SCRIBAL EVANGELIST As the only living certified Soferet (סופרת - female Jewish ritual scribe) & the first woman to practice sofrut (creation of sacred Hebrew texts) in over 200 years, I feel an obligation to blog about my experiences of The Work. I am also currently researching the foundation of a lost tradtion of women practicing this holy craft. For more on the services I provide, please see Soferet.com; Sofrut Nation. I am now available to engage with students, male or female, wishing to enter into the preliminary stage of learning sofrut. You are welcome to join me on this path. "Tzedeq, tzedeq tir'dof - Justice, justice you shall pursue." Devarim/Deuteronomy 16:20.

Tuesday, October 24, 2006

A WOMAN OFFERS JUDAISM'S SACRED HAND

BS"D


A St. Paul synagogue will celebrate its jubilee with a visit from a pioneering Torah scribe.
Pamela Miller, Star Tribune


When Avielah Barclay leans over a Torah scroll and slowly shapes the elaborate Hebrew letters, she's not thinking about being the only female soferet -- certified Jewish sacred-text scribe -- in the world.
She's thinking about beauty.

"From the time I was 3, I've been drawn to the alefbet [the Hebrew alphabet]," said the Vancouver, British Columbia, artist. "My dad ran a movie theater, so I saw 'Fiddler on the Roof' a few times and was stunned by these gorgeous letters. I wanted to be as close to them as possible."

From then on, Barclay, 38, knew she wanted to be a soferet.

She'll share her story, skills and passion for the sacred texts next weekend at Temple of Aaron, a 100-year-old congregation that is celebrating its 50th year in St. Paul's Highland Park neighborhood, said Rabbi Randall Konigsburg.

Jewish law does not ban female scribes, but long tradition holds that they should be male, said Bernard Raskas, Temple of Aaron's rabbi laureate.

At 82, Raskas has witnessed much of the synagogue's history and decades of dramatic events in the history of the Jewish people. Barclay's pioneering role is important because it weds tradition and innovation, he said.

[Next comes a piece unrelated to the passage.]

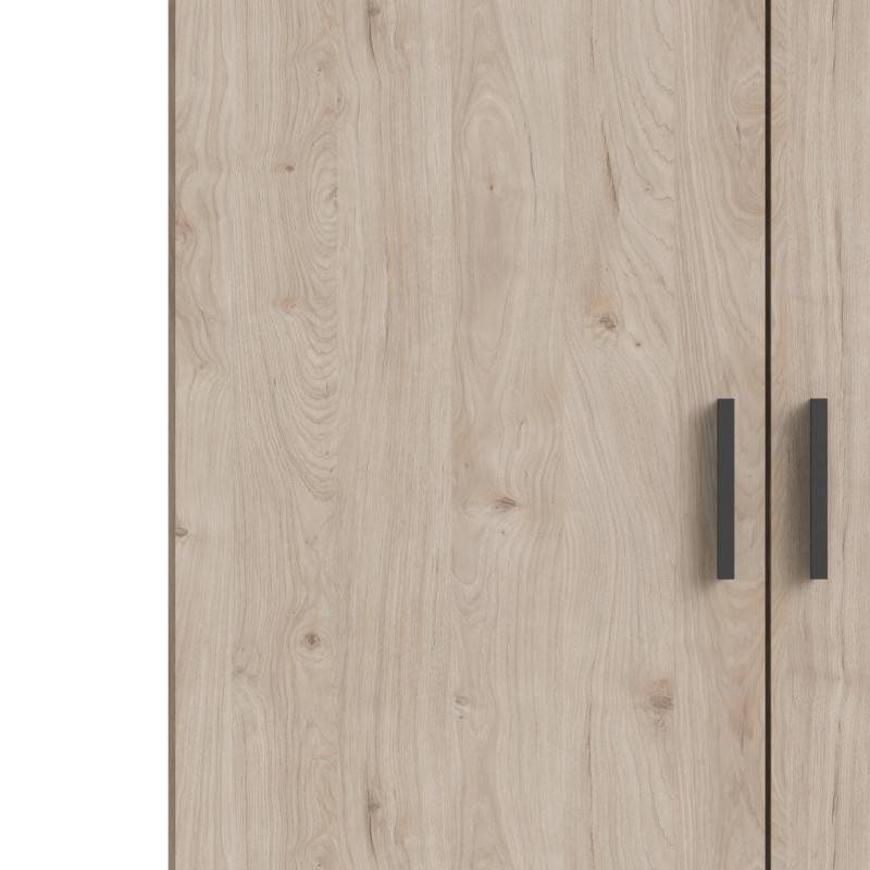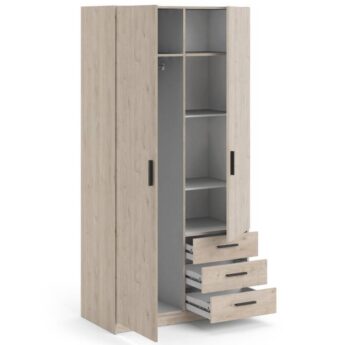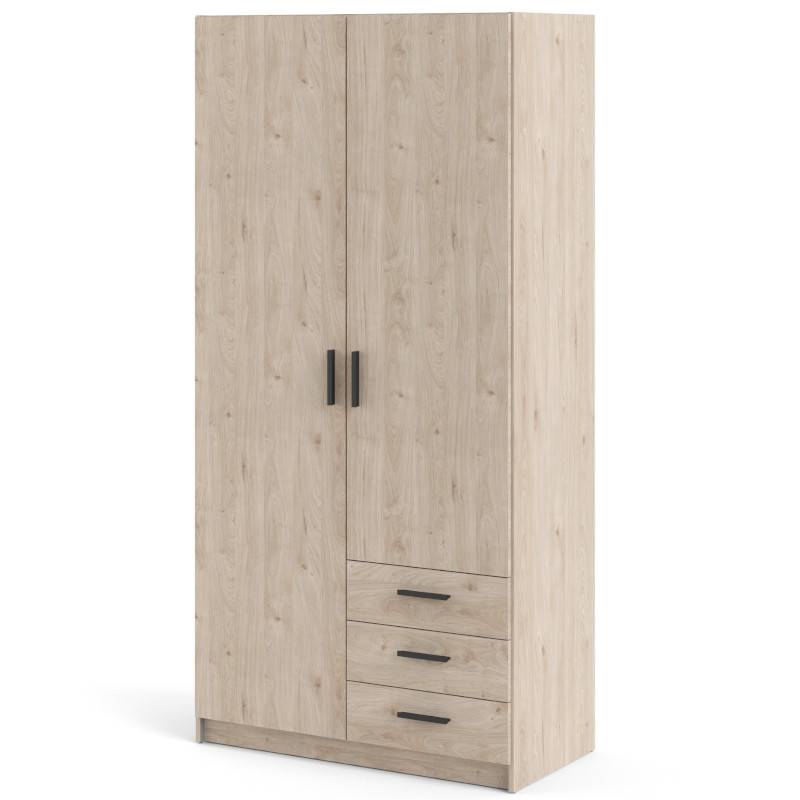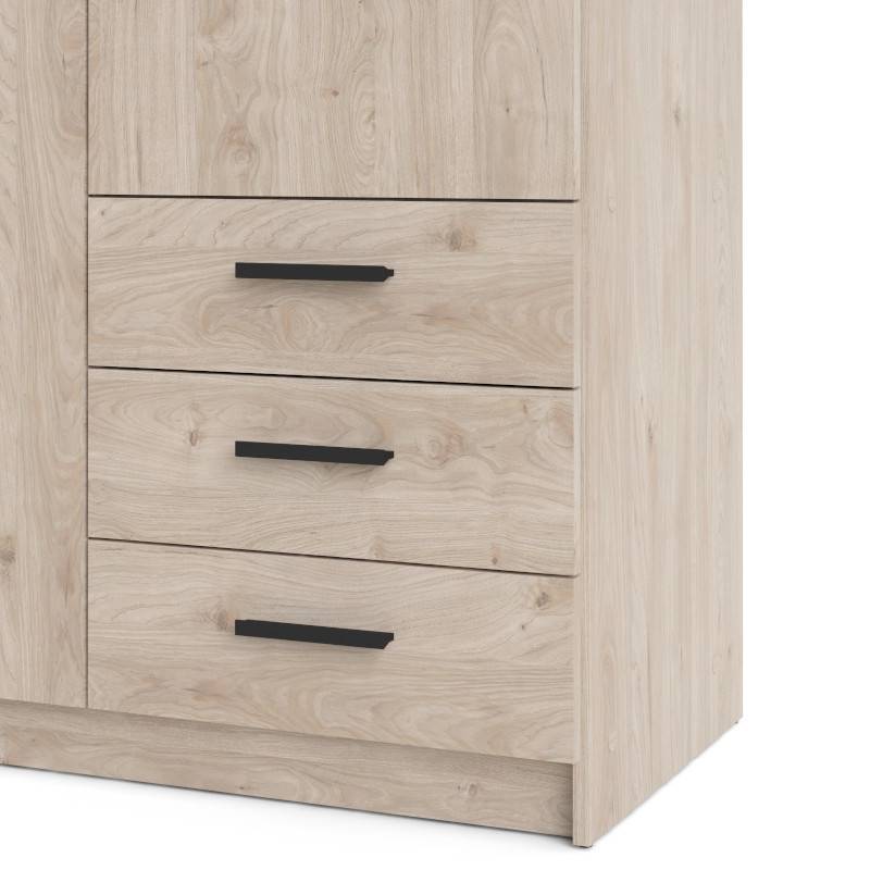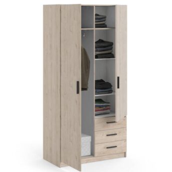 Riidekapp on valmistatud kvaliteetsest mööbliplaadist. Käepidemed on värvitud plastikust. Kapp on kaheks jaotatud, vasakul pool on ülemises osas üks riidepuutoru ning vaheriiul, paremal pool kolm metallsiinidel liikuvat sahtlit ning kolm vaheriiulit.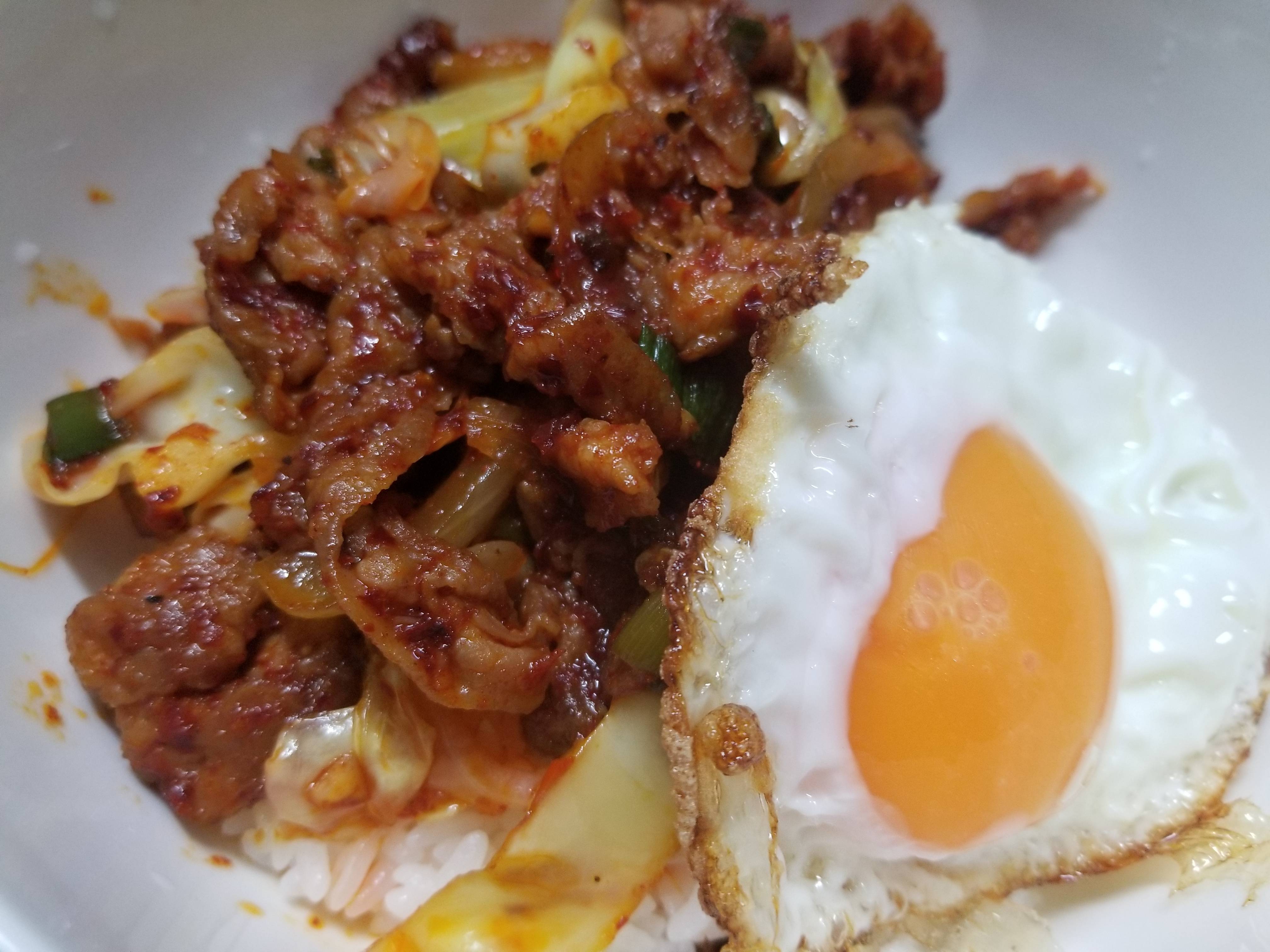 제육에 계란넣으면 매운맛줄어들어서 좋기만한디

"She sure knows her stuff," Raskas said. "After she decided she wanted to be a scribe, she tried to get training and kept hearing no, no, no, because she is a woman. When she finally found a sofer [a male scribe] in Israel willing to teach her, he said it was only on condition that she never reveal his name, never touch him, and work in a room with open windows and doors." The teacher wanted to be sure that there could be no suggestion of impropriety, he said.

Barclay has learned "the thousand rules" that govern proper creation of a Torah, Raskas said. On Sunday, she'll oversee a private ceremony in which hundreds of synagogue members will shape a Hebrew letter in the Torah, guided by Barclay's gifted hand in what she calls "a very careful and difficult process."

Said Raskas: "There's a commandment [in Deuteronomy] that says every Jew has to write a Torah. Of course that's impossible, so in the 12th century, Maimonides [the great Sephardic rabbi and scholar] ruled that if you write one letter, you have fulfilled the commandment."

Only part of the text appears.